Среди песен Старшей Эдды сохранилась поэма, которую можно назвать эпосом святости воина, – «Речи Хамдира» (Hamdismal). Прозаическое изложение содержания этой поэмы мало чем может нам помочь, поскольку более поздние авторы саг, очевидно, плохо знали уже устаревшую в их годы технику войны. Мы знаем лишь то, что Гудрун, отправляя своих сыновей отомстить за сестру, благословляет их в непробиваемых кольчугах и сообщает им правила, которые они не осмеливались нарушать. С неукротимой силой «святые бойцы» проложили себе путь в зал Ёрмунрекка-конунга и, не обращая никакого внимания на попытки его свиты отбить хозяина, превратили его в бесформенную груду костей и мяса, без рук и без ног. Но они нарушили данные им приказы и поэтому лишились плодов своей победы; Сёрли пал неподалеку от входа в зал, а Хамдир – у задней стены дома. Гибель подстерегла их в тот самый момент, когда Хамдир, желая похвастаться, забыл о приказе матери хранить молчание во время битвы; тогда Ёрмунрекк вернул себе разум и речь и сумел заставить своих людей увидеть, что могут сделать камни там, где оказалось бессильным железо. Но несчастья братьев начались еще раньше, вероятно, уже по пути, когда они встретили своего брата Эрпа и убили его во время спора; но само убийство, вероятно, не стало их единственным преступлением. Что подало Ёрмунрекку счастливую идею поискать помощи у камней?
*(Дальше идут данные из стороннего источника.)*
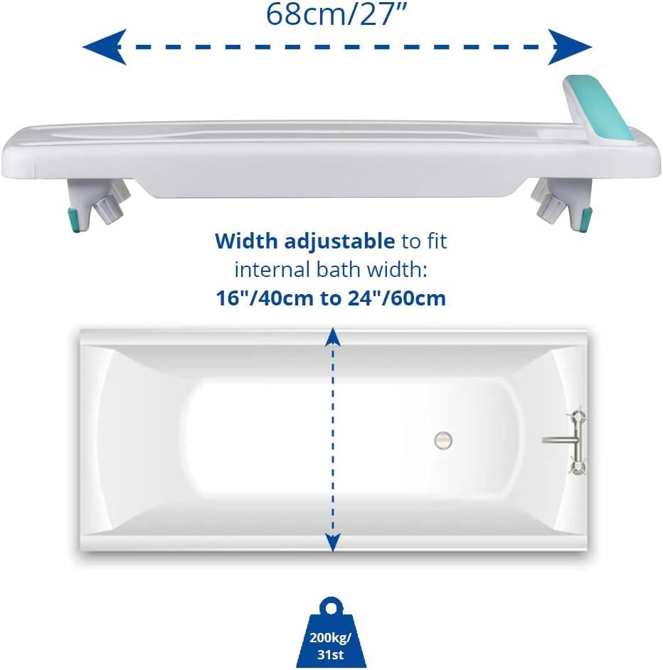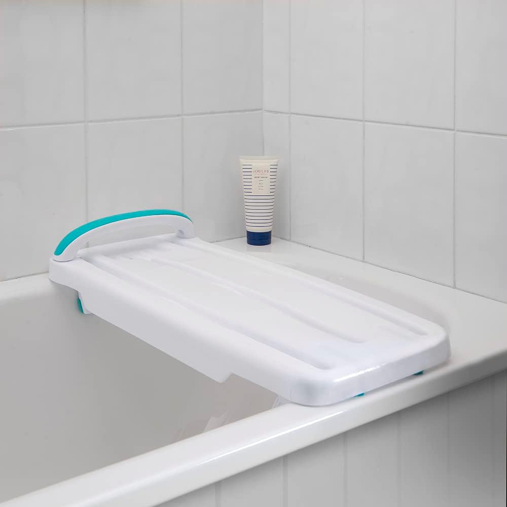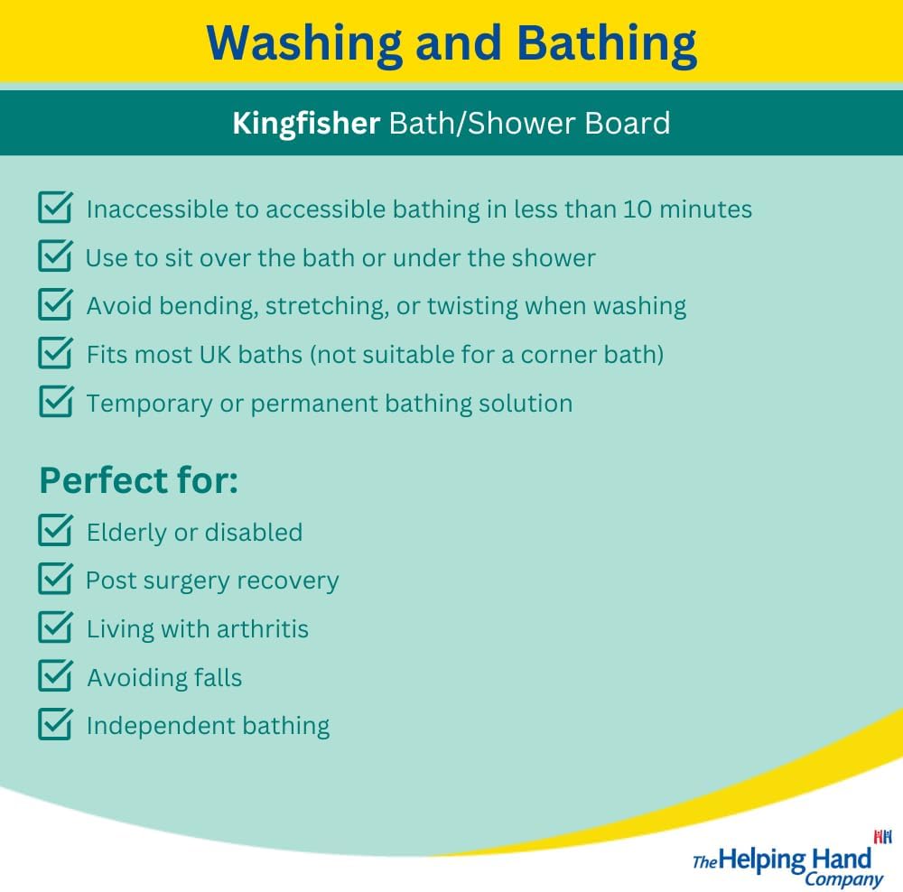 Made in the UK, Kingfisher bath aids for getting into and out of bath are designed for someone who finds it difficult to get in or over the bath safely and easily. The Healthcare professional’s choice – a very useful product to manage getting in and out of the bath independently without worry of slipping or falling. Maintain dignity to wash yourself without having to ask for help. Sit on to the bath board to wash yourself in the bath water below or use as an over the bath shower. The bath bench can also be a halfway point to then transfer down into the bath or onto the Helping Hand bath seat (sold separately) Use the safety handle as an extra support to get on and off the bath board, making sure the board is fitted with the handle end closest to the bathroom wall. Integral drainage slats ensure a non-slip surface as the water flows away quickly. There is no danger of trapping skin. Please check your internal bath width before purchasing. Width adjustable to fit 16” – 24” wide. This one bathboard for disabled and elderly will fit the majority of baths. Assemble the bath seat by sliding the feet onto the underside and tightening in place with the feet firm to the side of the bath. No tools are required. The angled feet will fit the side of shaped baths and right up into the curve of the bath at the back to be able to stretch out legs fully. Full instructions are included. It is not suitable for corner baths. The bath board is warranted for 3 years but will last for many years if used correctly. Easy to clean using non-abrasive cream cleaners. Spare parts are readily available. The lightweight bath aid weighs only 1.45kg and is easy to remove when other people want to use the bath or take with you when travelling. The bath board is suitable for up to 200kg / 31 stone. It can be used on its own or in conjunction with the Helping Hand Bath seat. Have you seen the range of Helping Hand long handled bathing accessories – top to toe sparkling clean without struggling to bend.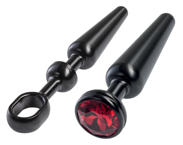 Alu-Plug Set bestehend aus Plug, Stoßgriff und Schmuckstein. Durch die intelligente Schraubkonstruktion kann der Plug mit den verschiedenen Zubehörteilen, die im Set enthalten sind, verwendet werden. Einfach den Stoßgriff oder Schmuckstein aufschrauben. 2 verschiedene Kombinationsmöglichkeiten in einem Set - Alu-Plug mit Stoßgriff oder Alu-Plug mit Schmuckstein.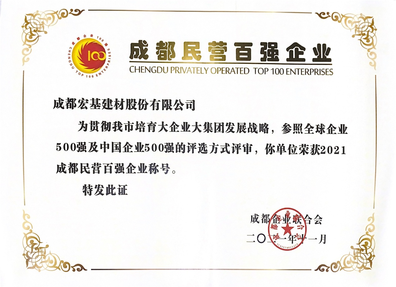 2021年,是中國共產(chǎn)黨成立100周年,也是實施“十四五”規(guī)劃的開局之年和開啟全面建設(shè)社會主義現(xiàn)代化國家新征程的第一年。為了緊扣市委市政府提出的“高質(zhì)量發(fā)展攻堅年”部署,全面實施幸福美好生活“十大工程”,開創(chuàng)成都經(jīng)濟社會發(fā)展新局面要求,成都企業(yè)聯(lián)合會開展了第十一屆百強企業(yè)評選發(fā)布。經(jīng)過專家委員嚴格評審,我司成功獲得“成都市100強民營企業(yè)”稱號。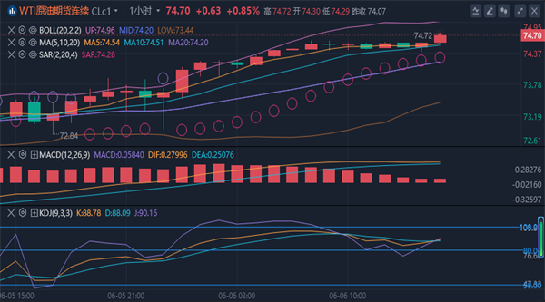 【原油消息面分析】:周三(6月5日)数据显示美国原油和燃料库存增加,同时,对美国美联储 9 月份降息的希望超过了对需求的担忧,引发油价从四个月低点反弹,并上涨超1%。#原油收盘#WTI 7月原油期货收涨0.82美元/桶,涨幅大约1.12%,收报74.07美元/桶。截至发稿,现报74.11美元/桶,涨幅1.17%。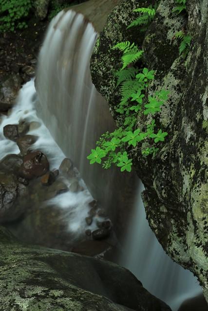 岩に沿って扇状に流れ落ちる様子が特徴的な渓谷のメインスポットです。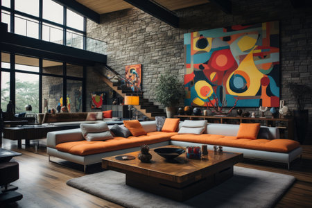 The interior of the modern living room is with sofa, coffee table and colorful wall painting.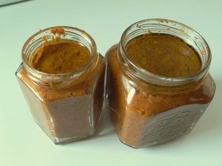 ![]() На 200г сушеных помидоров: 50г кедровых орешек 100г сыра пармезан полпучка базилика пару зубчиков чеснока оливковое масло(не знаю, может 100мл) пару столовых ложек бальзамического уксуса. Закипятить и дать немного остыть(до 80-90градусов) 2-м литрам воды, добавить к ней 4-6 столовых ложек уксуса и залить этим расствором сушеные томаты, дать постоять пару часов(время и колличество воды зависит от солености томатов, можно пробовать на вкус нормально в них соли или еще подержать). Откинуть на друшлак и дать воде хорошенько стеч. Добавить остальные ингридиенты и спюрировать все в комбайне. Масло возможно еще добавить, масса должна иметь кремистую консинстенцию, не сухую, иначе будет сложно ее с макаронами смешивать. Готово! Осталось сварить любимую пасту и смешать с песто(именно с красным песто мне проще смешивать в кастрюльке, чем в тарелке…), подавать посыпав пармезаном. Что не съелось, раскладываем по чистым банкам: ![]() наливаем сверху тонкий слой масла и в холодильник! Отлично хранится несколько недель. И потом, как кушать захочется - сварил макарошки(можно спагетти, можно любые другие), смешал с песто - готово! Примечание: вкус этого блюда во многом зависит от сыра! Я как-то очень хороший пармезан купила – было не оторваться, я его ложками так еша |
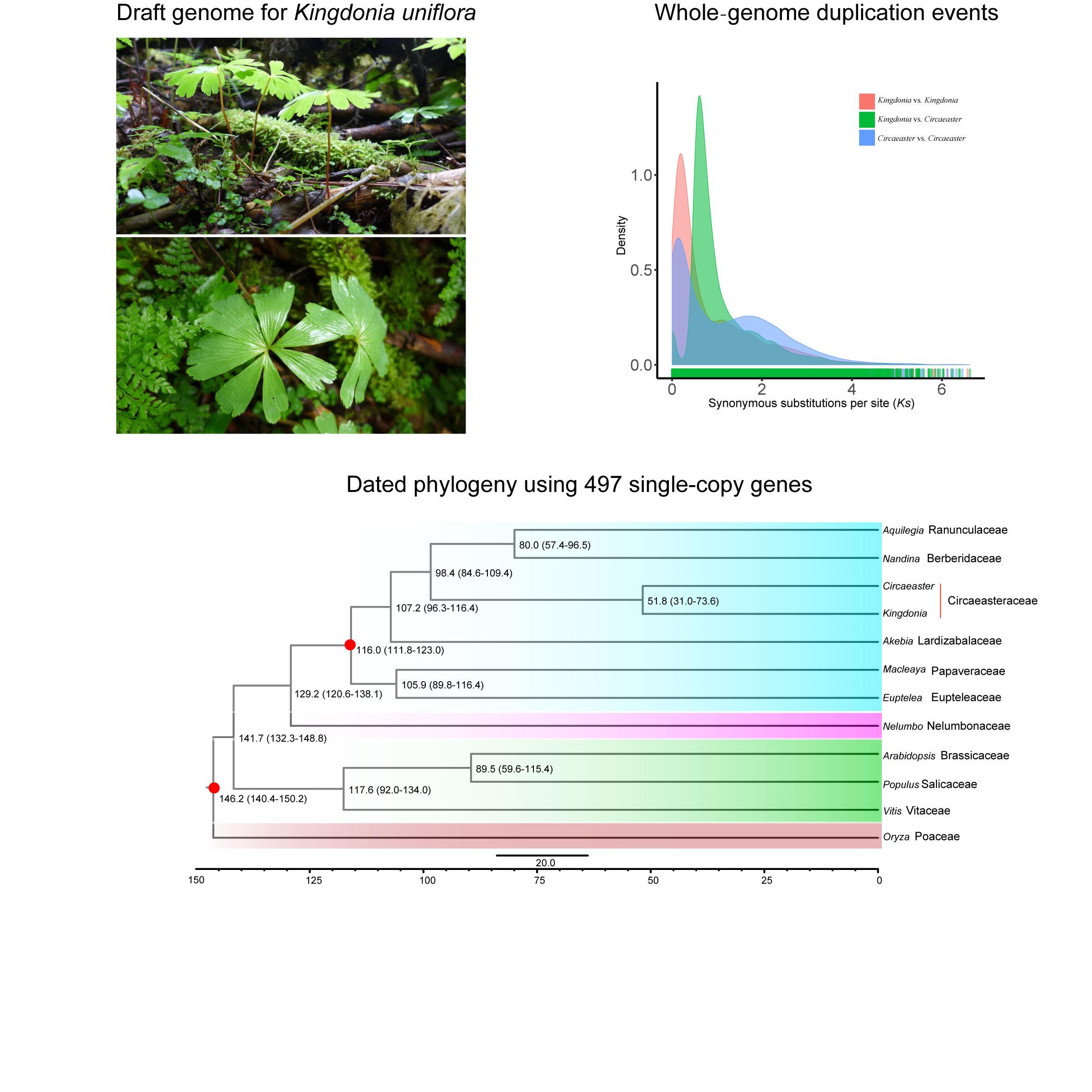 武汉植物园系统与进化学科组长期聚焦川东-鄂西物种多样性研究。为了探讨独叶草的濒危机制,他们联合植物生物信息学学科组,对独叶草的全基因组进行了测定以及组装,获得了大小为1,004.7-Mb的基因组草图,并进行了相关分析。研究发现与DNA修复有关的基因家族在独叶草的基因组中发生了明显扩张,而与环境响应相关的基因家族则发生了明显收缩;结果显示大部分叶绿体ndh基因在独叶草的基因组中发生了丢失。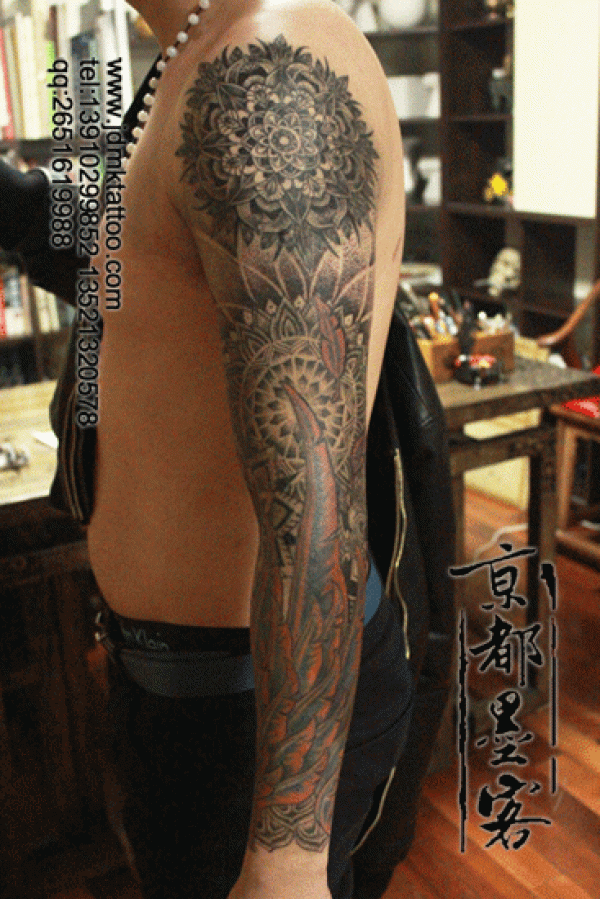 京都墨客纹身作品 包整臂点阵图腾欧美纹身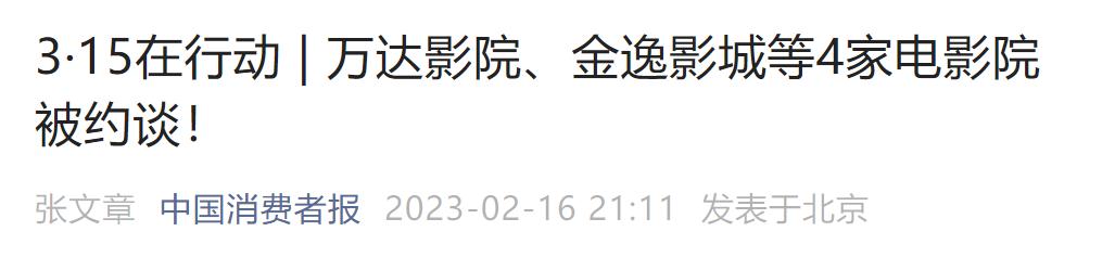 据报道,2月14日,福建省福州市消费者权益保护委员会集体约谈4家涉嫌侵犯消费者权益的电影院,涉及万达影院、金逸影城、几何影城、福州苏宁影城。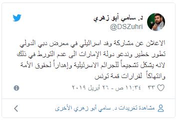 ودعا القيادي في حماس سامي أبو زهري في تغريدة عبر (تويتر) دولة الإمارات إلى عدم التورط في ذلك لأنه يشكل تشجيعاً للجرائم الإسرائيلية وإهداراً لحقوق الأمة وانتهاكاً لقرارات قمة تونس.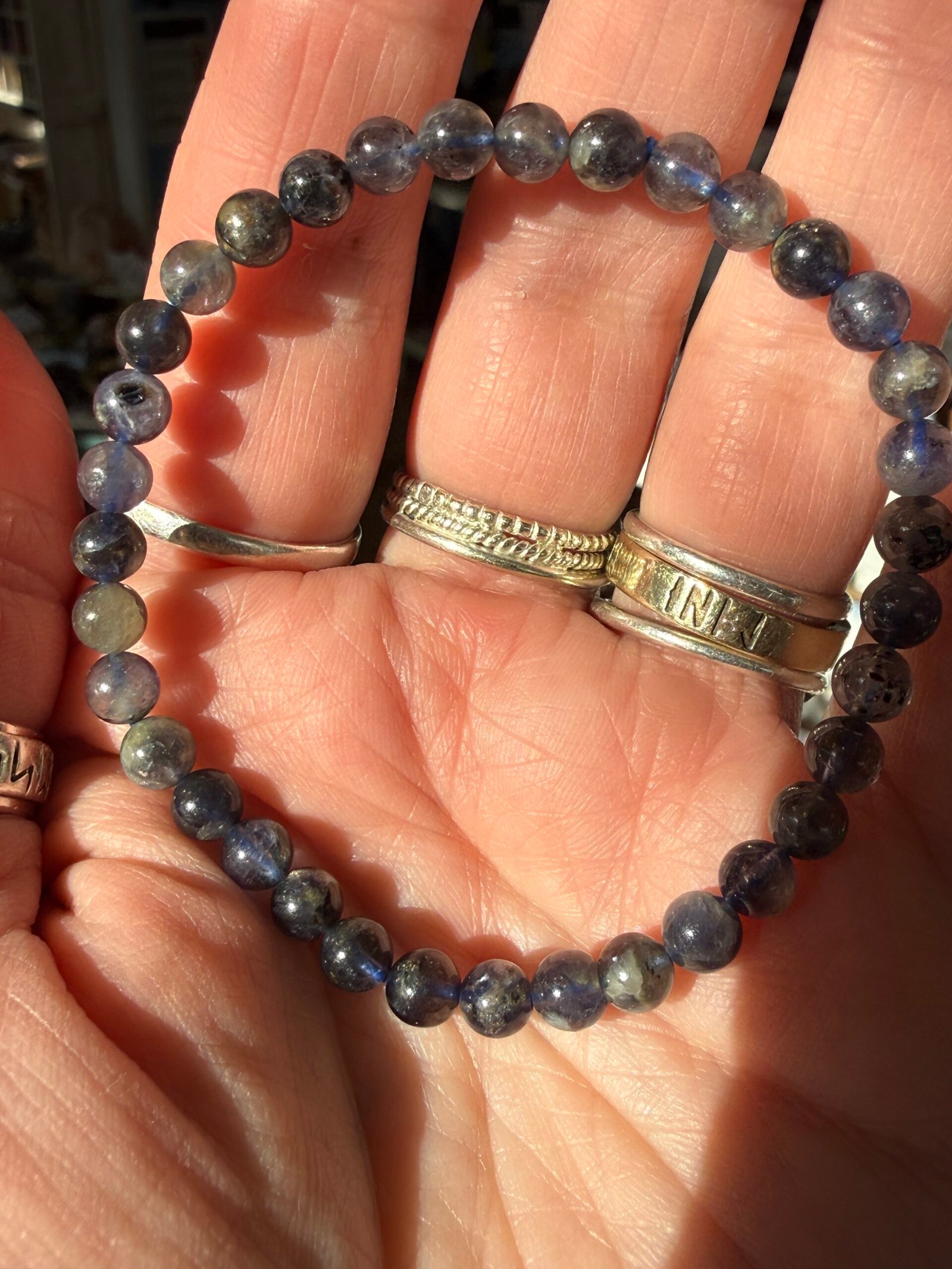 One intuitively chosen 5mm bead high quality Iolite bead bracelet.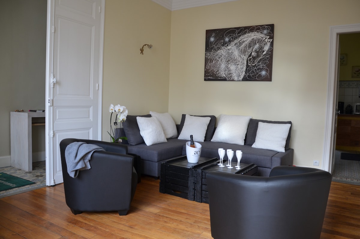 Le gîte "les lumières d'Epernay" est une ancienne dépendance entièrement rénovée. Nous avons opté pour une décoration sobre (tendance industrielle). Avec ses grandes baies vitrées, toutes les pièces baignent dans les rayons du soleil. Il se situe à 5 minutes à pied du centre ville d'Epernay et à 10 minutes de la gare. Pas besoin de prendre la voiture pour une dégustation d'un grand nom de Champagne. 2 places de parking privées et sécurisées sont d'ailleurs à votre disposition.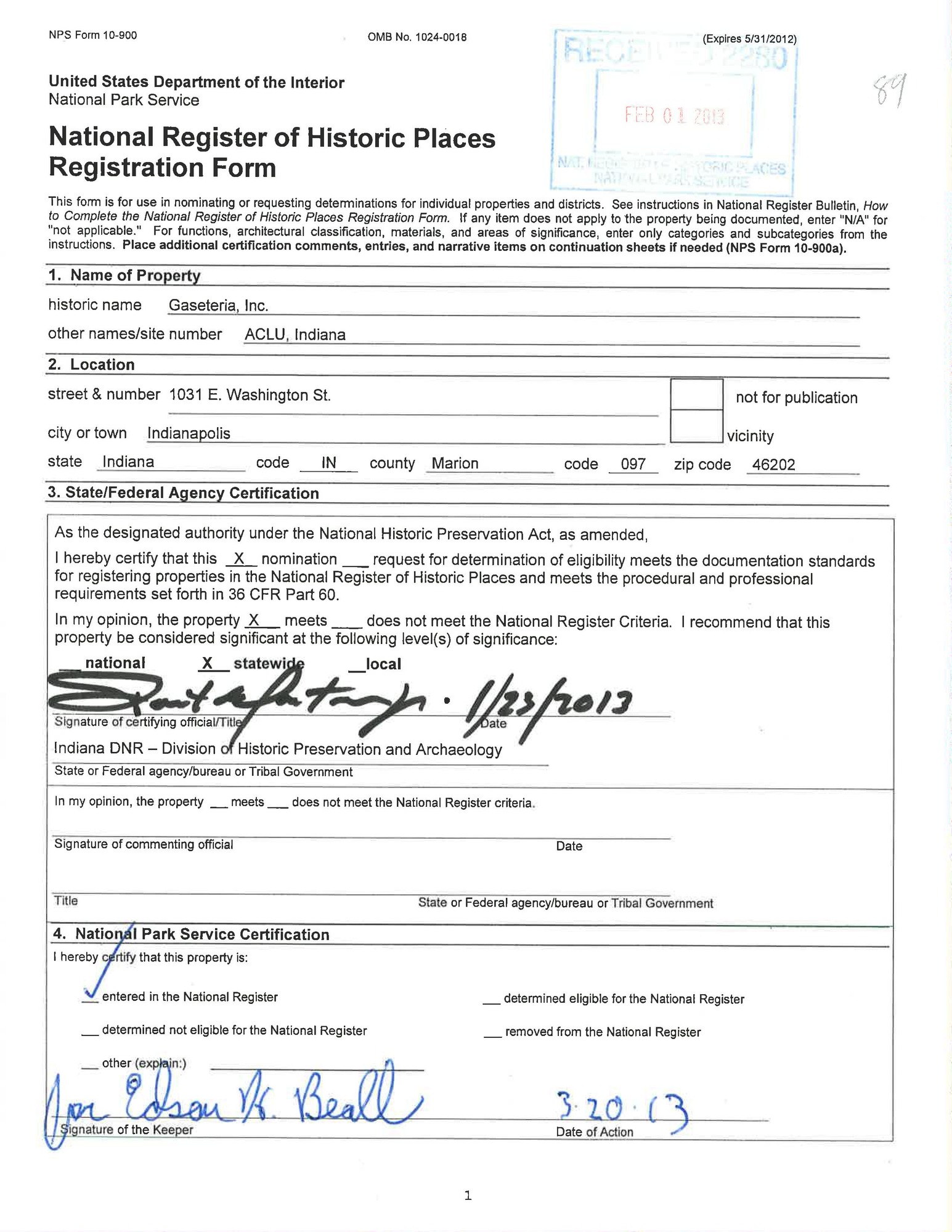 Indianapolis ; 1031 E. Washington St.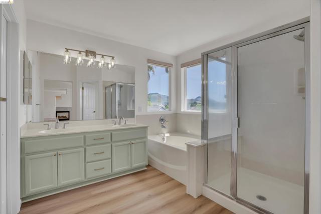 DIGITALLY STAGED. Back on market with fresh upgrades and thoughtful renovations. Welcome to Eagle Ridge, where sweeping hillside views create a serene backdrop for elevated living. Ideally located near Blue Rock Springs Golf Club, this beautifully maintained 4-bedroom, 3-bath home offers 2,799 sq ft of refined comfort and a spacious 3-car garage. A grand, light-filled foyer with a stunning staircase opens to soaring ceilings, formal living and dining rooms, and an inviting open-concept kitchen and family room with a cozy fireplace. The kitchen was fully renovated last month, featuring new stainless steel appliances and modern finishes, while new luxury vinyl plank flooring spans the entire downstairs and all bathrooms. A main-level bedroom and full bath provide flexibility for multi-generational living, guests, or a private office. Upstairs, the luxurious primary suite includes a gas fireplace, reading nook, walk-in closet, spa-like bath, and private balcony with breathtaking views. Fresh interior and exterior paint, an upgraded laundry room, and well-sized secondary bedrooms add comfort and versatility. The backyard offers low-maintenance landscaping, exotic fruit trees, and two charming gazebos—perfect for relaxing or entertaining. Truly an exceptional Eagle Ridge offering.

Один, как говорили герои саг, признал раз и навсегда, что бог должен прийти и быть там, где сражаются люди; в первом варианте этой истории, вероятно, приводилось объяснение, например гласившее, что братья сами превратили камни в своих врагов; перед тем как войти в зал короля, они, должно быть, каким-то образом оскорбили хамингью камня, которую их мать, вероятно, привлекла на их сторону в тот момент, когда превратила их кольчуги в непробиваемые. Но в чем была причина их поражения – в том ли, что на камень пролилась кровь Эрпа, или в каком-то другом действии, мы уже никогда не узнаем.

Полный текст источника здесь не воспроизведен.